### EXERCISE GOAL
What is needed is an exact repetition of the lines from the first one in the data through the line with "Add a touch of elegance to", with no pictures.

Records contained in a dataset

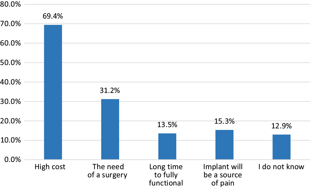 To assess patients’ major concerns regarding implant treatment, we asked a multiple-choice question. The 2 issues stated by the participants were high cost (69.4%) and the need for surgery (31.2%), with 15.3% of respondents replying: “I’m afraid the implant will be a source of pain,” 13.5% stating: “It takes time to complete the treatment and have a fully functional implant,” and 12.9% (22 out of 170) replying: “I do not know” (Figure 4).
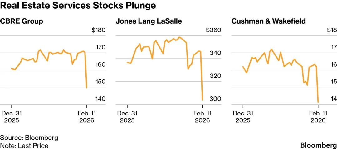 现在,只要是高收费、劳动密集型、可能受AI颠覆的商业模式都会被扫射——这种“扫射型交易”或“风暴眼型交易”已经有名字了:AI scare trade(AI恐慌交易)。
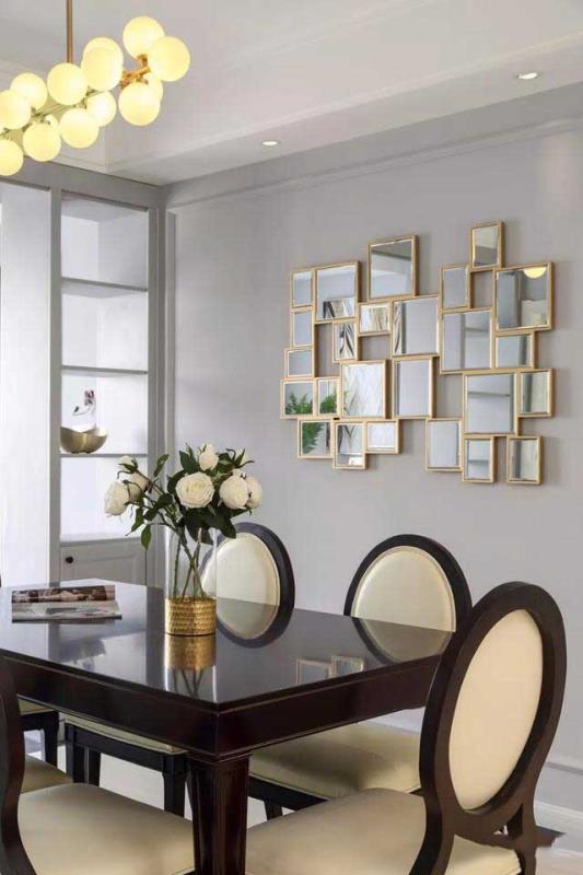 客餐厅互通,以吊顶和背景墙来划分不同的功能区域,金属边框的不规则镜子,活跃氛围的同时,点亮单调的背景。
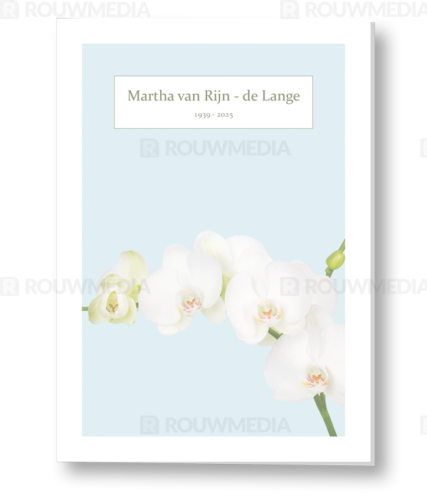 In de staande rouwkaart wordt een beeldvullende foto weergegeven van een witte orchidee.
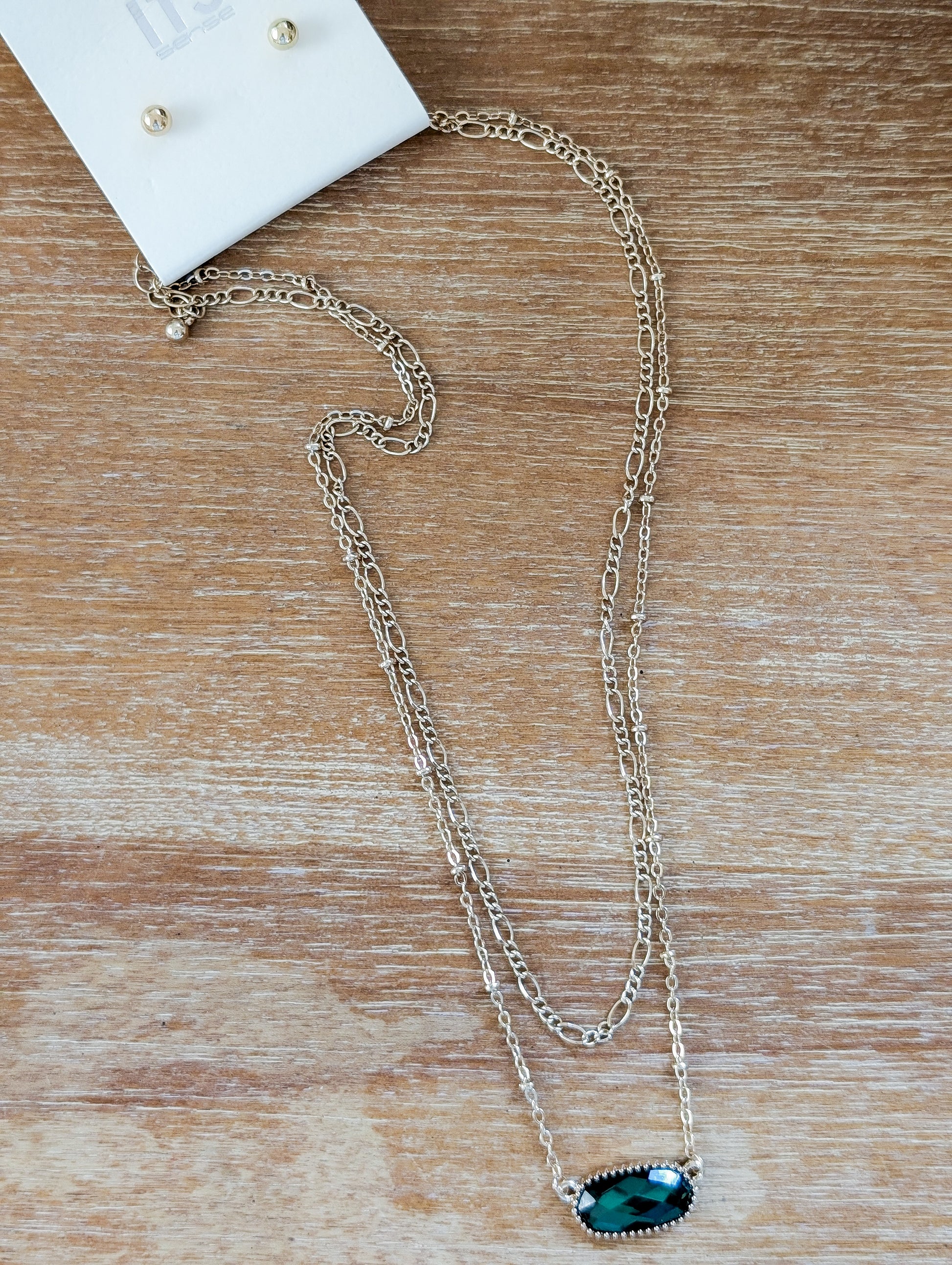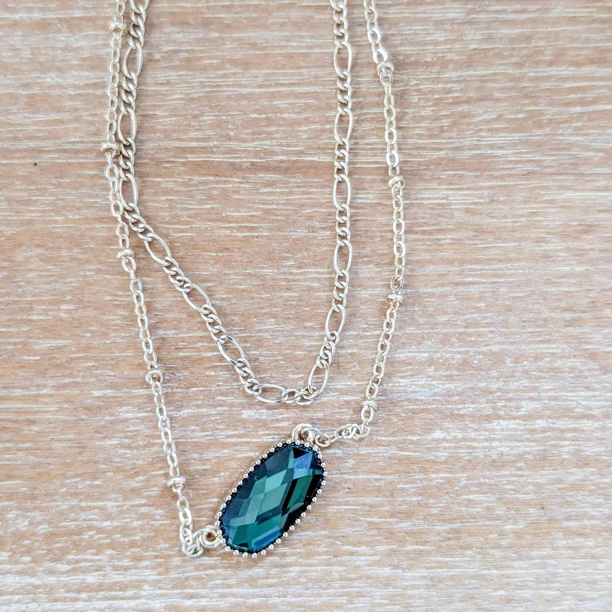 Add a touch of elegance to your jewelry collection with our stunning two-chain faux gold necklace featuring a vibrant green stone. This beautifully designed necklace showcases two delicate chains that layer perfectly for a trendy yet sophisticated look.
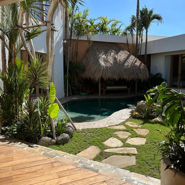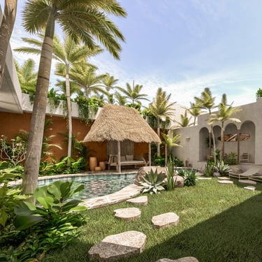 Nichées au cœur d'une rizière balinaise dans le quartier d'Umalas, les villas jumelles Marni I et II émergent comme le fruit d'une collaboration architecturale avec Nicolas Capron, transcendant les traditions du mode de vie tropical pour donner naissance à deux villas à l'architecture singulière. Chaque détail, depuis l'intégration harmonieuse des structures dans le site jusqu'aux minutieux choix de conception du mobilier sur mesure et des pièces de design, contribue à forger une œuvre cohérente. Sur deux niveaux, ces résidences se distinguent par l'utilisation de poutres et de piliers en bois recyclé, empruntés à l'architecture emblématique de l'Asie du Sud-Est et des cabanes traditionnelles des rizières. Guidée par une sensibilité aux contraintes climatiques et une préférence pour les lignes épurées et les matériaux naturels et locaux, la construction de ces deux villas exceptionnelles les enracine solidement dans leur environnement, les imprégnant de l'histoire de leur terre.
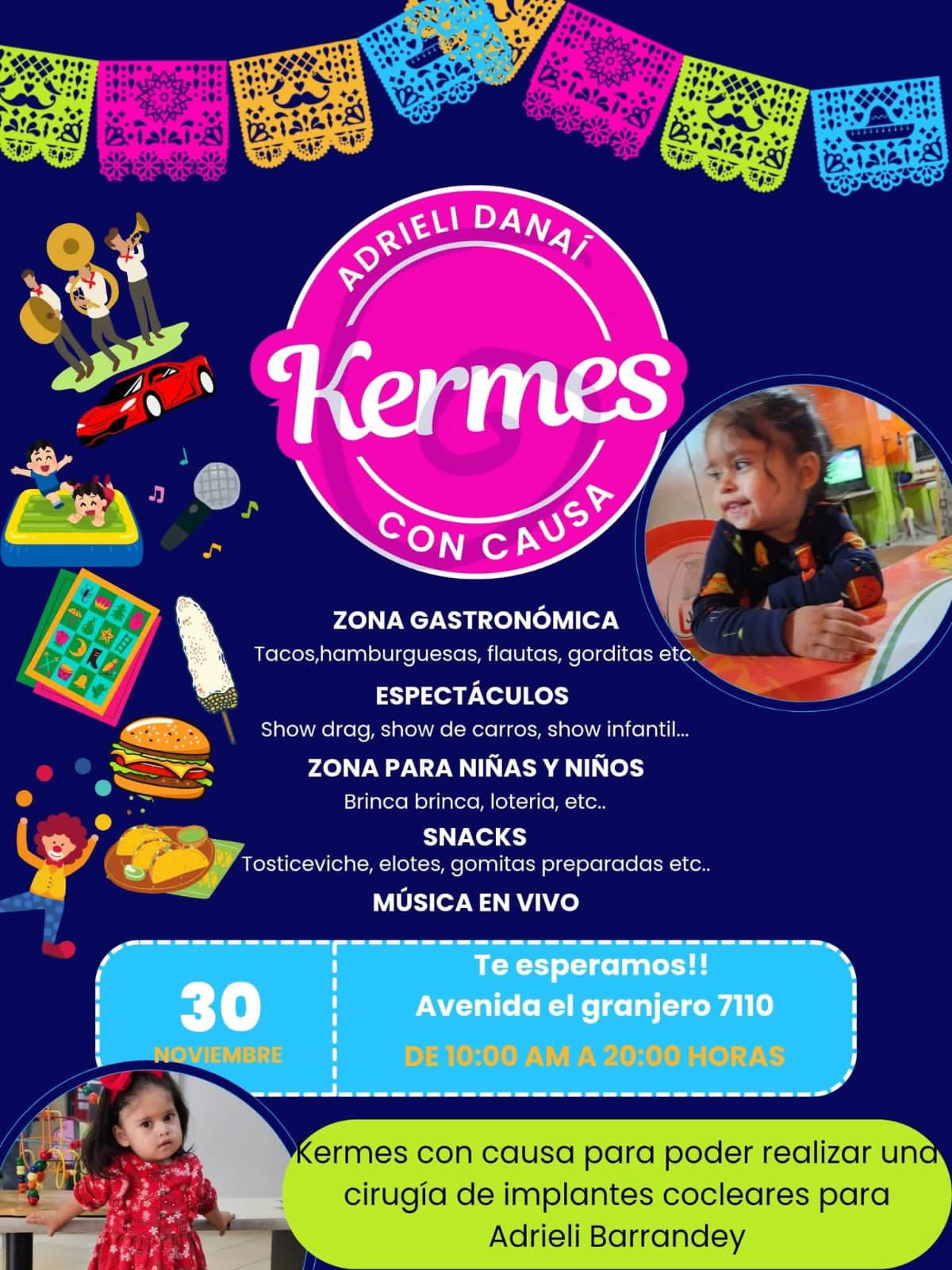 Ciudad Juárez, Chih.— La comunidad de los alrededores a la Av. El Granjero anuncia con orgullo la Tercera Edición del Festival El Granjero, que se realizará este domingo 30 de noviembre, de 10:00 a 20:00 horas, con un fin profundamente especial: ayudar a la pequeña Adrieli Danai, una niña de dos años que necesita una operación y tratamiento médico para poder escuchar.
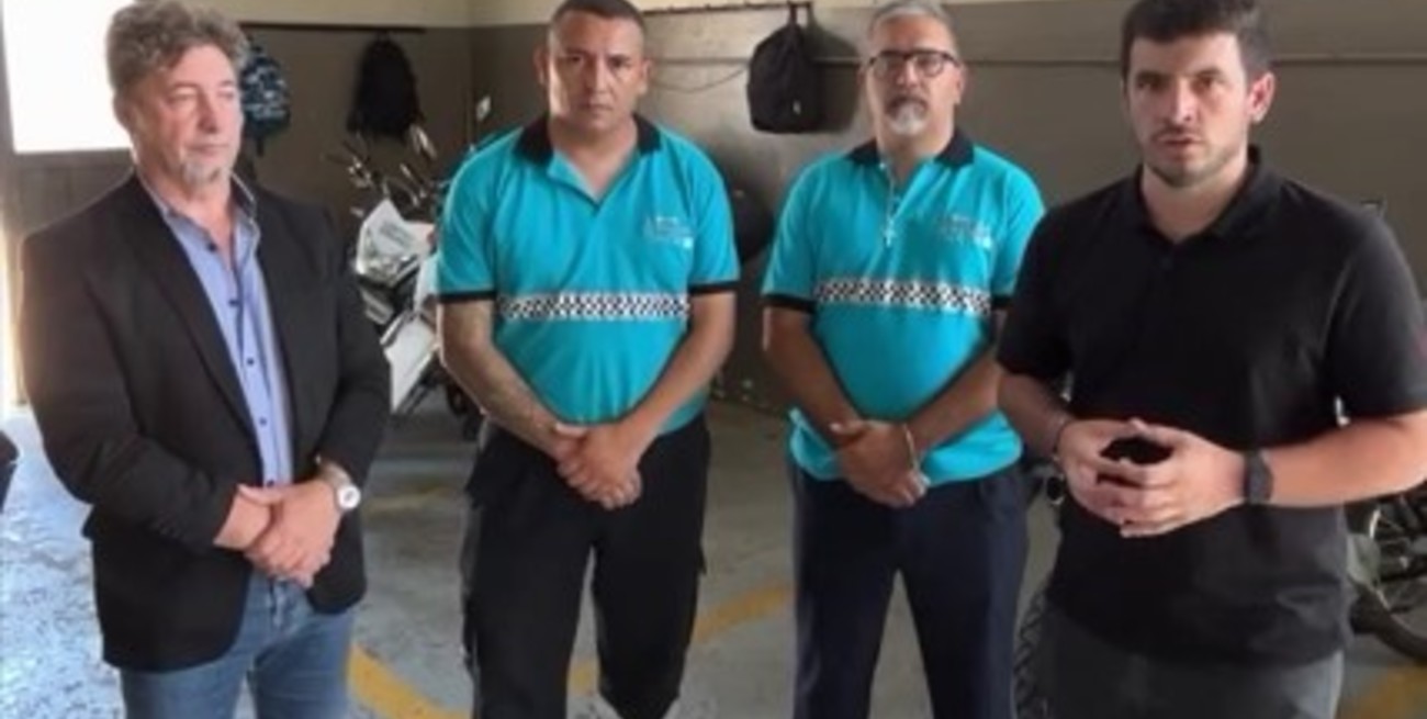 En el mismo, se lo puede ver junto con el director de Control Urbano, Fernando Salinas, y los dos trabajadores que fueron atropellados el domingo por un motociclista cuando intentaron detenerlo para realizar sus controles operativos intensivos que vienen llevando a cabo en el último tiempo.
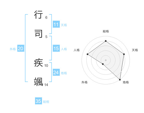 行司 疾颯さんの総格は35画の4点!
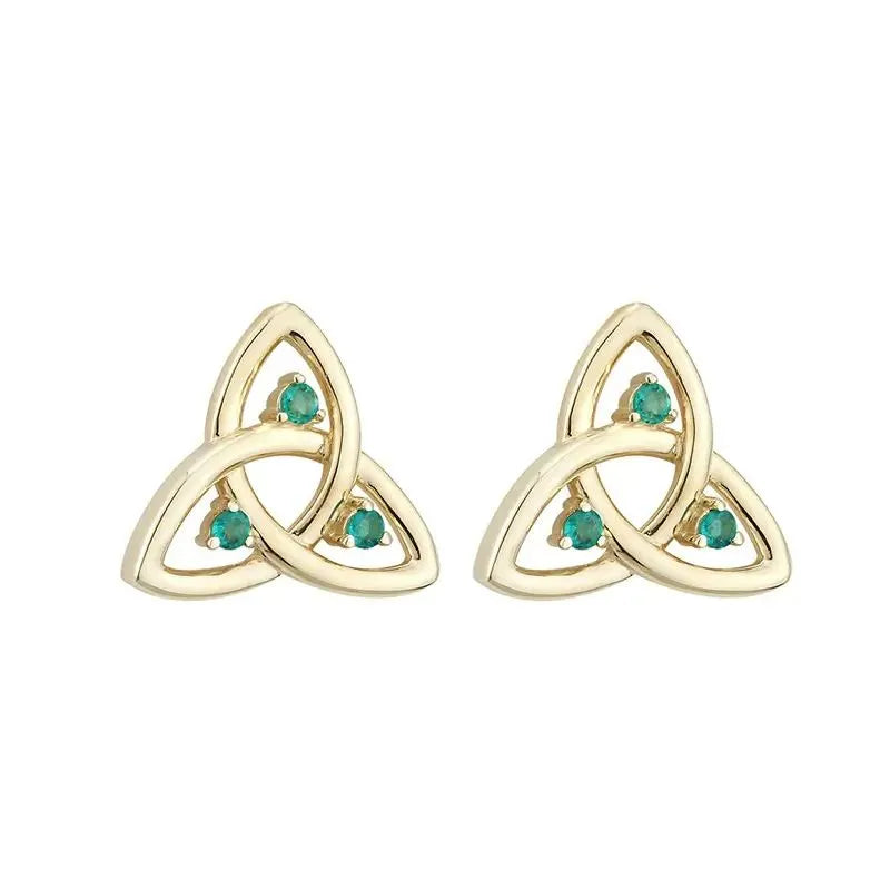 Add a touch of elegance and Irish charm to your ensemble with our delicate 14K Emerald Trinity Knot Stud Earrings. Crafted from 14K Gold, these earrings exude high quality and timeless beauty, ensuring they will pass the test of time in your collection. The earrings feature the Celtic Triquetra, reminiscent of the Holy Trinity in Irish Christianity. Each earring is adorned with three emerald jewels, adding a touch of sparkle and enhancing their sophistication. Sized 0.55 x 0.55"", these delicate stud earrings are perfect for any occasion. Coming in an elegant presentation box, they make an ideal Irish gift for a loved one, boasting style and cultural significance.
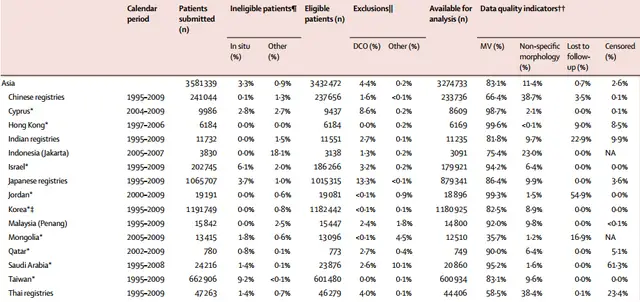 研究者利用标准化质控流程,采用有关注册库进行误差纠正。按年龄(单年)、性别校正每个国家或地区的背景死亡率后对 5 年生存率予以评估,同时在某些国家还根据种族或人种进行校正。采用国际癌症生存标准权重进行年龄标准化评估。

### ANSWER TO THE EXERCISE
 To assess patients’ major concerns regarding implant treatment, we asked a multiple-choice question. The 2 issues stated by the participants were high cost (69.4%) and the need for surgery (31.2%), with 15.3% of respondents replying: “I’m afraid the implant will be a source of pain,” 13.5% stating: “It takes time to complete the treatment and have a fully functional implant,” and 12.9% (22 out of 170) replying: “I do not know” (Figure 4).
 现在,只要是高收费、劳动密集型、可能受AI颠覆的商业模式都会被扫射——这种“扫射型交易”或“风暴眼型交易”已经有名字了:AI scare trade(AI恐慌交易)。
 客餐厅互通,以吊顶和背景墙来划分不同的功能区域,金属边框的不规则镜子,活跃氛围的同时,点亮单调的背景。
 In de staande rouwkaart wordt een beeldvullende foto weergegeven van een witte orchidee.
 Add a touch of elegance to your jewelry collection with our stunning two-chain faux gold necklace featuring a vibrant green stone. This beautifully designed necklace showcases two delicate chains that layer perfectly for a trendy yet sophisticated look.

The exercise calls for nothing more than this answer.